:: AVAILABLE DATA ::

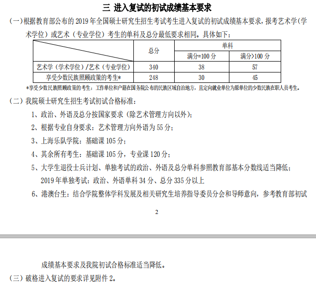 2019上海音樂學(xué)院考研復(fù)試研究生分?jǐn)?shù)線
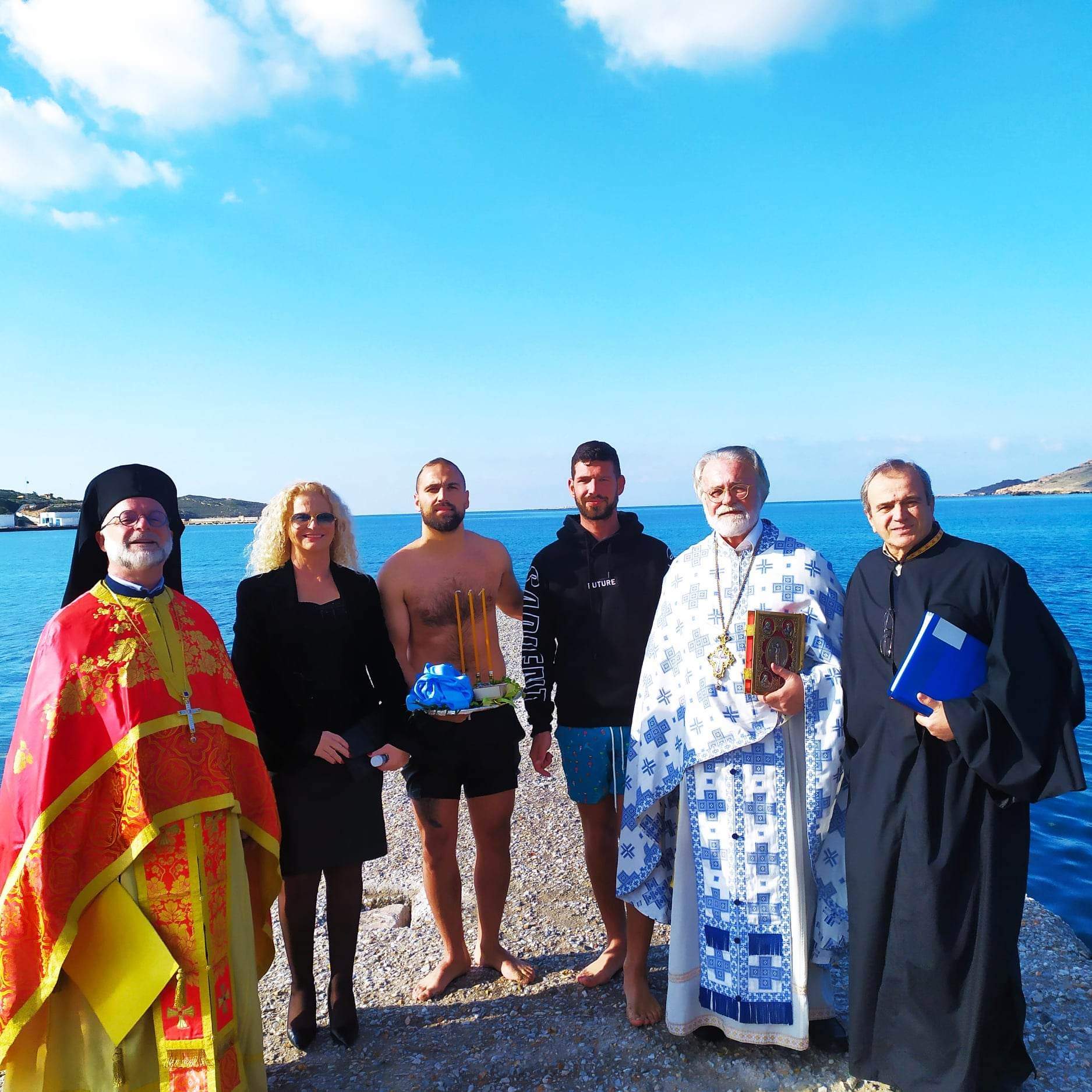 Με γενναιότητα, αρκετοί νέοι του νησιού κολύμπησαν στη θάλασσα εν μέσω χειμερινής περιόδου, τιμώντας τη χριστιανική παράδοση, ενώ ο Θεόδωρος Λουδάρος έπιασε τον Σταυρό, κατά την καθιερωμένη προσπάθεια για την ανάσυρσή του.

==

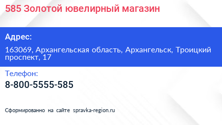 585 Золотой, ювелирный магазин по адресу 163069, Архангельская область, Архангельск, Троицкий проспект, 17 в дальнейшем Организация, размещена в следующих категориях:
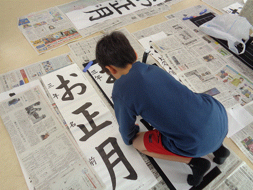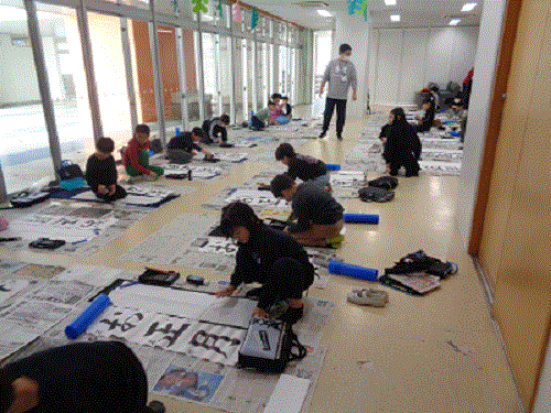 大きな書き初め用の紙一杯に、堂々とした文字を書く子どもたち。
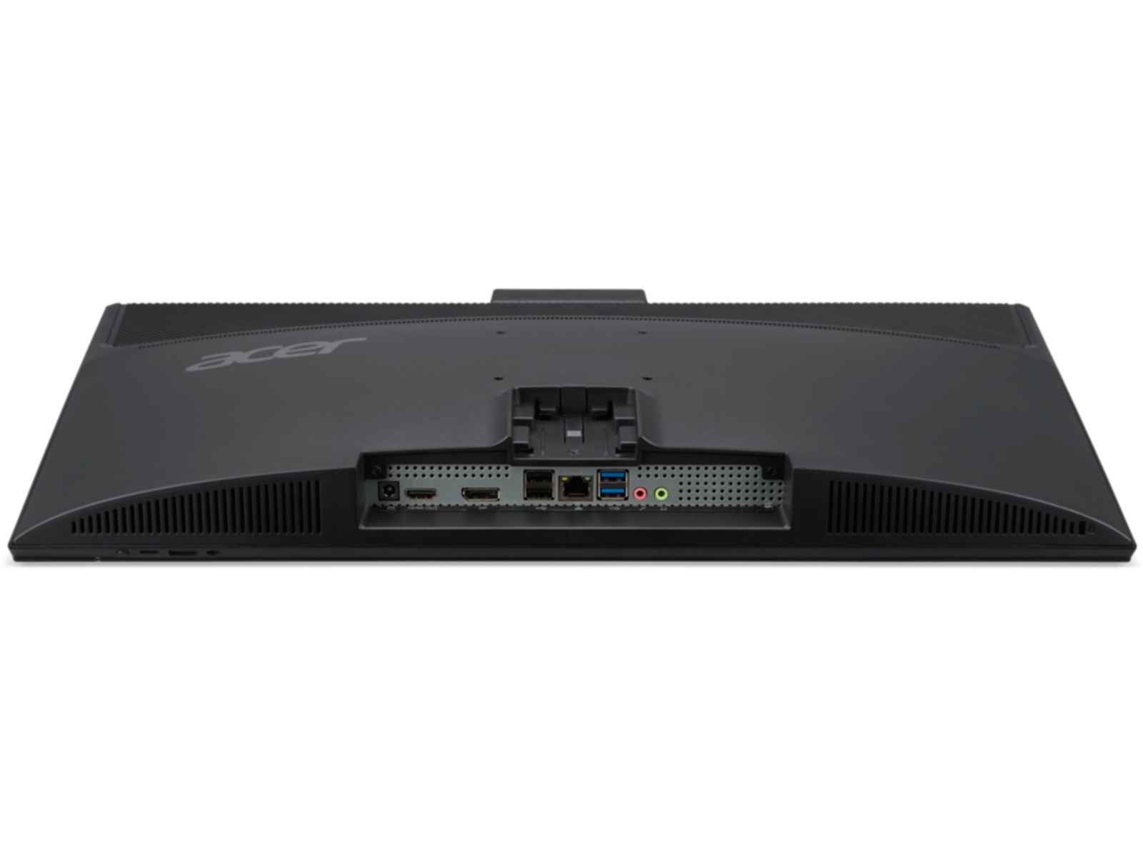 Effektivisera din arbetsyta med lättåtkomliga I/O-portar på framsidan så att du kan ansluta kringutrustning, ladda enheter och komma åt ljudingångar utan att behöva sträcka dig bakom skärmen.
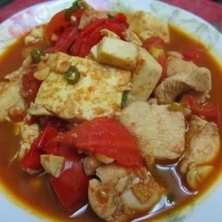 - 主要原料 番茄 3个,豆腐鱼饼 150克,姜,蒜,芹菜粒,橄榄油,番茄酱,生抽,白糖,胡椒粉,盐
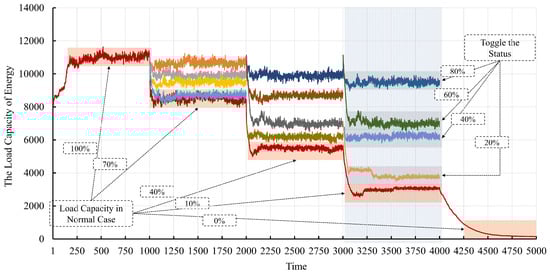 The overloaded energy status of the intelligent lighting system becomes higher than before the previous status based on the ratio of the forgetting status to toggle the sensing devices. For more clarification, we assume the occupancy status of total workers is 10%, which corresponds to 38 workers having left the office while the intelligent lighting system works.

:: PROBLEM TO SOLVE ::
Pictures excluded, give again exactly and only the lines of the material above from the line with "585 Золотой, ювелирный" through the line with "- 主要原料 番茄 3个,豆腐鱼饼".

:: SOLUTION ::
 585 Золотой, ювелирный магазин по адресу 163069, Архангельская область, Архангельск, Троицкий проспект, 17 в дальнейшем Организация, размещена в следующих категориях:
 大きな書き初め用の紙一杯に、堂々とした文字を書く子どもたち。
 Effektivisera din arbetsyta med lättåtkomliga I/O-portar på framsidan så att du kan ansluta kringutrustning, ladda enheter och komma åt ljudingångar utan att behöva sträcka dig bakom skärmen.
 - 主要原料 番茄 3个,豆腐鱼饼 150克,姜,蒜,芹菜粒,橄榄油,番茄酱,生抽,白糖,胡椒粉,盐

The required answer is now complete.